Crohn's and ulcerative colitis — the two main types of inflammatory bowel disease (IBD) — are caused by a hyperactive immune system attacking the walls of the gastrointestinal tract, causing inflammation and ulceration (see page S98). But no one knows why this happens. The drugs Adams was given included decades-old steroids that suppress immune function as a whole and newer drugs that block more specific aspects of the inflammatory cascade.
These drugs can be effective, but not for everybody — it's a common refrain in the IBD community that no two people's experiences are identical. When Adams's drugs stopped working and his intestine seemed to be in danger of rupturing, his doctors advised surgery. “It was like a race against time for me not to have the operation,” says Adams. And of all the avenues he could explore, “Faecal transplant was the main thing on the list.”
A faecal transplant — or the preferred term, faecal microbiota therapy (FMT) — comes at IBD from the opposite direction to most drugs. Instead of assuming that the immune system is inherently faulty, whether because of genetics or environment, proponents argue that the hyperactive immune system is being provoked by something in the lumen, or interior, of the gut. The most plausible candidates are a pathogenic microorganism, a combination of such microbes or perhaps a shortage of microorganisms that lower levels of inflammation. If this is the case, changing the contents of the gut by seeding a new healthy community of microorganisms might halt the disease.
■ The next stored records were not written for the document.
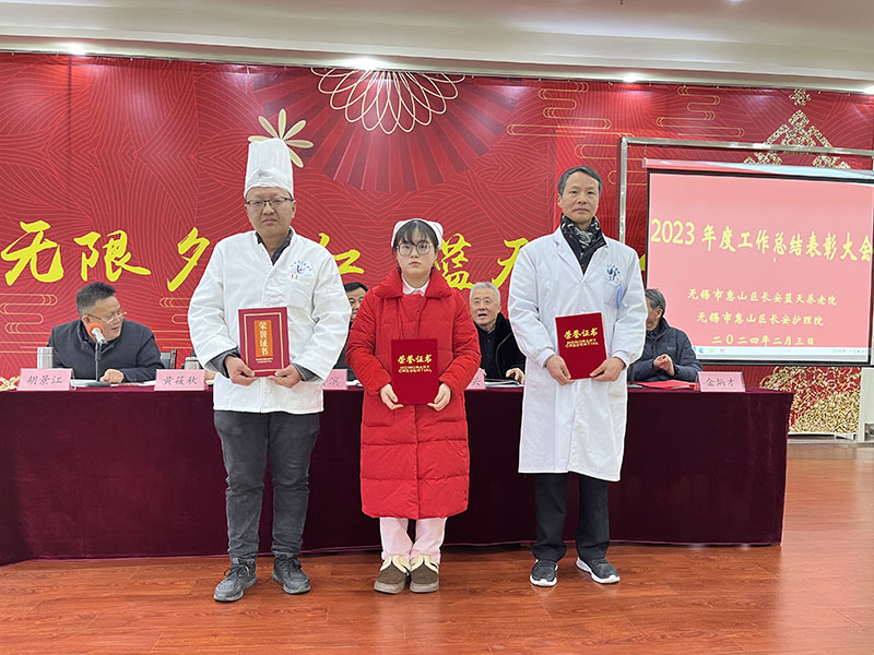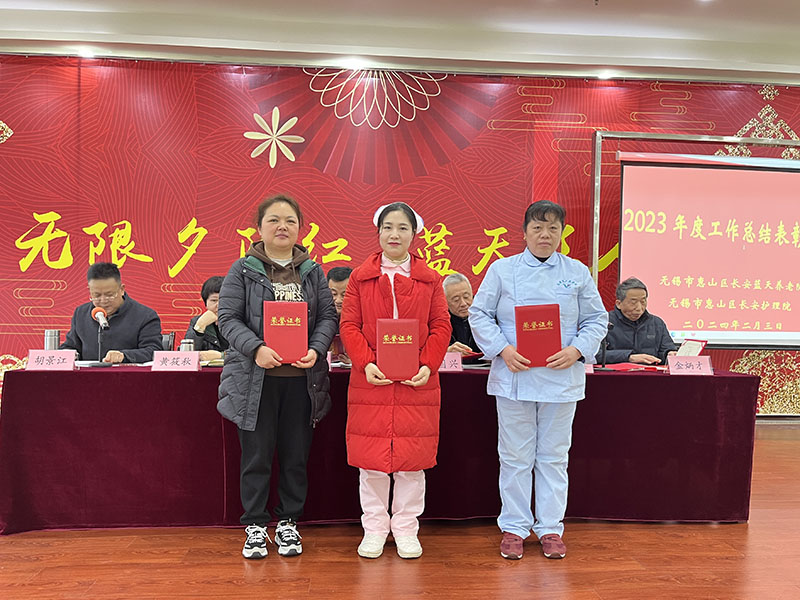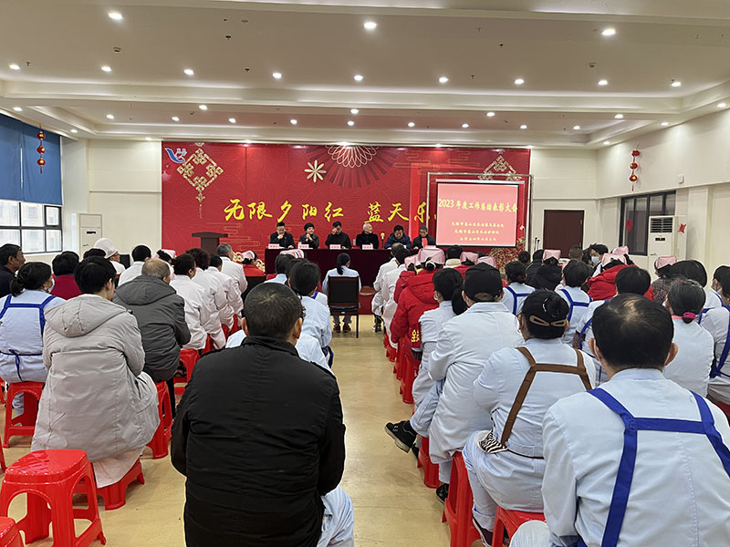 2023年2月3日中午12点15分,长安蓝天养老院在四楼活动室举行了“2023年度工作总结及表彰大会”,参会的领导有:长安蓝天董事长陆国兴,院长万常旗,副院长张鲁滨、金炳才、黄筱秋、胡景江。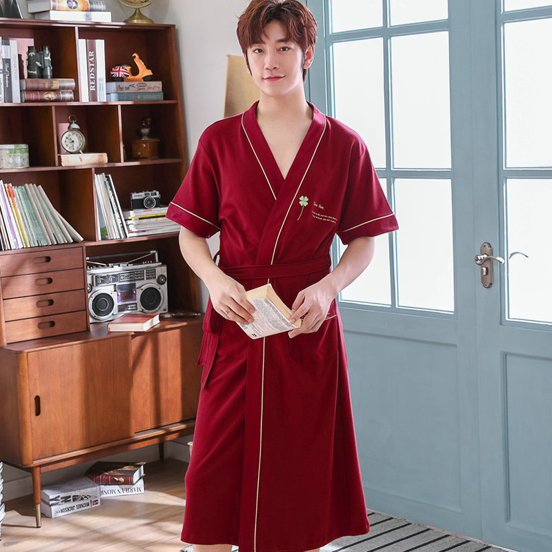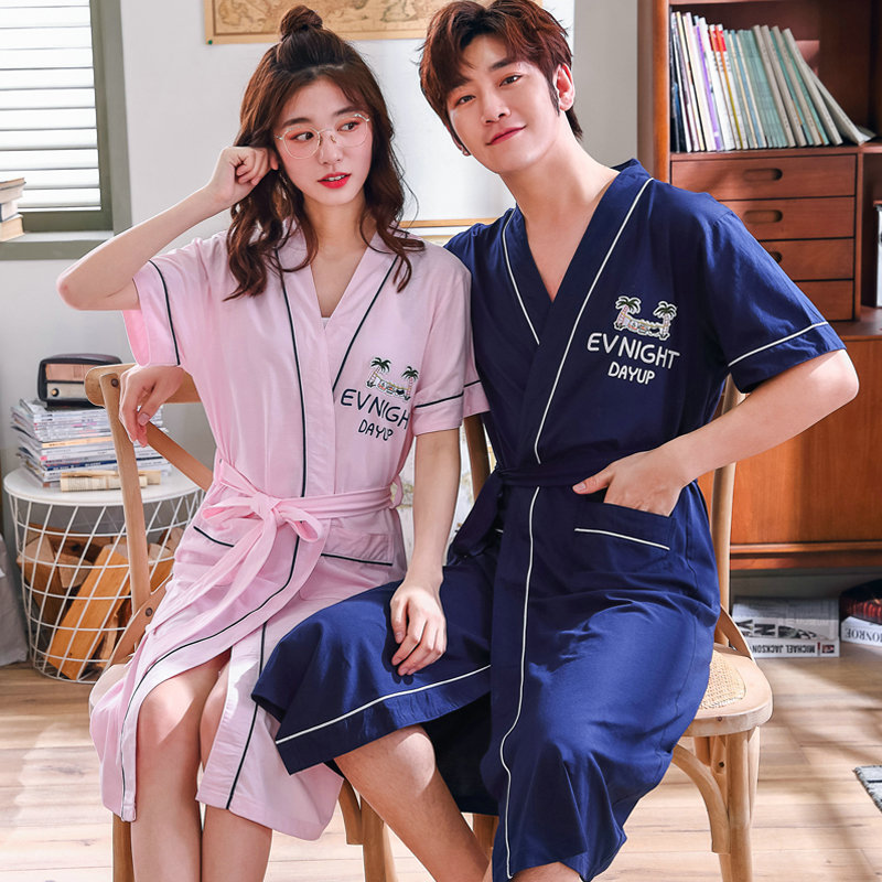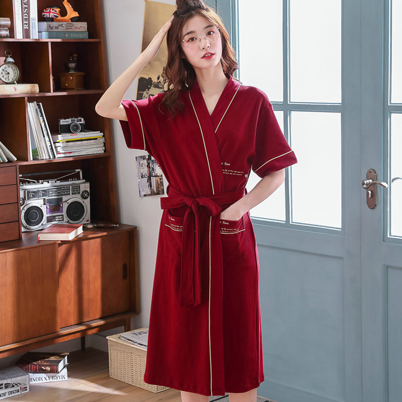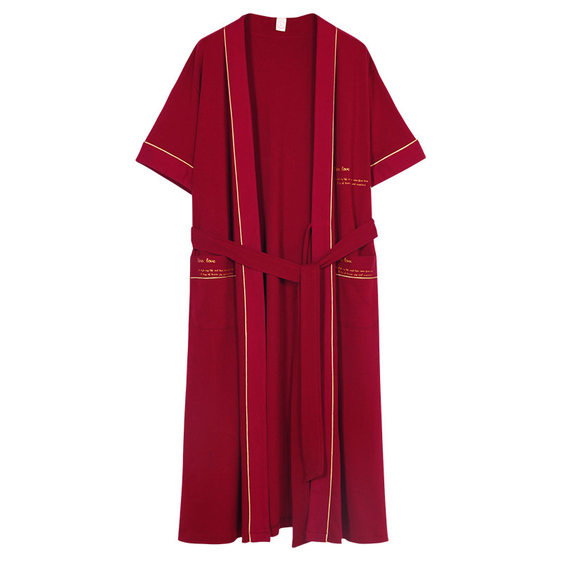 Summer slim lovers sleeping robes short sleeves Long version of pure cotton Ben life Red wedding pyjamas Men and women's home in summer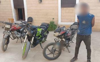 وبمواجهته اعترف بارتكاب 3 وقائع سرقة بذات الأسلوب، وتم بإرشاده ضبط كافة الدراجات النارية المستولى عليها.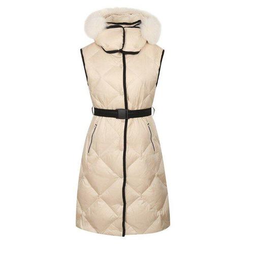 [세인트 앤드류스] 여성 사각 셔링 벨티드 구스다운 롱 패딩 베스트(821E4JV008)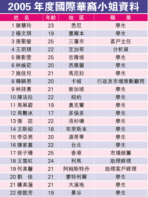 綜觀今屆候選佳麗,除青春之外,學(xué)歷更佳,過(guò)半數(shù)是大學(xué)生,甚至有碩士學(xué)歷,惟質(zhì)素就較為平庸,雖然經(jīng)過(guò)大會(huì)悉心打扮,但昨日所見,未有突出者。佳麗之中,暫時(shí)以選美經(jīng)驗(yàn)豐富、曾是“2003MissChinaTown(USA)”第二名及紐約華裔小姐第一名的十號(hào)陳法拉樣子較為甜美。而來(lái)自三藩市的三號(hào)佳麗張圣瑩和來(lái)自布里斯本的十四號(hào)佳麗王斯婭,則憑著突出上圍令人留下印象,至于十九號(hào)來(lái)自阿姆斯特丹的何美馨,就因?yàn)橛疫呅⊥韧鈧?cè)有紋身而引人注意。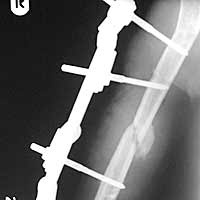![]() Slika 1. Mitković spoljašnji fiksator primenjen u lečenju nezaraslog preloma humerusa |

Gastroenterologist Alexander Khoruts holds a bag of donated microbiota.
Two years ago, when Adams thought FMT could be an alternative to surgery, there was nowhere in the United Kingdom that provided the treatment for those with IBD. Despite being gravely ill, Adams considered travelling to Australia to take part in a small study. But he ran out of time. When his condition deteriorated quickly, his doctors examined his intestines and feared they could burst at any moment. “I'd left it too long,” he says. “They did the operation there and then.
Adams will never know if FMT would have helped his IBD. But it has become an established procedure for people with recurrent infections of the bacterium Clostridium difficile (an increasing problem owing to antibiotic resistance), and a small number of patients and gastroenterologists make enthusiastic claims about its effectiveness for IBD. But many others point to the modest results of systematic trials and urge more measured expectations. “Is there something to it? Perhaps,” says Alexander Khoruts, a gastroenterologist at the University of Minnesota in Minneapolis, who has used FMT extensively to treat C. difficile infections. “Are we anywhere close to it? No,” he says. “Is it worth pursuing? Yes.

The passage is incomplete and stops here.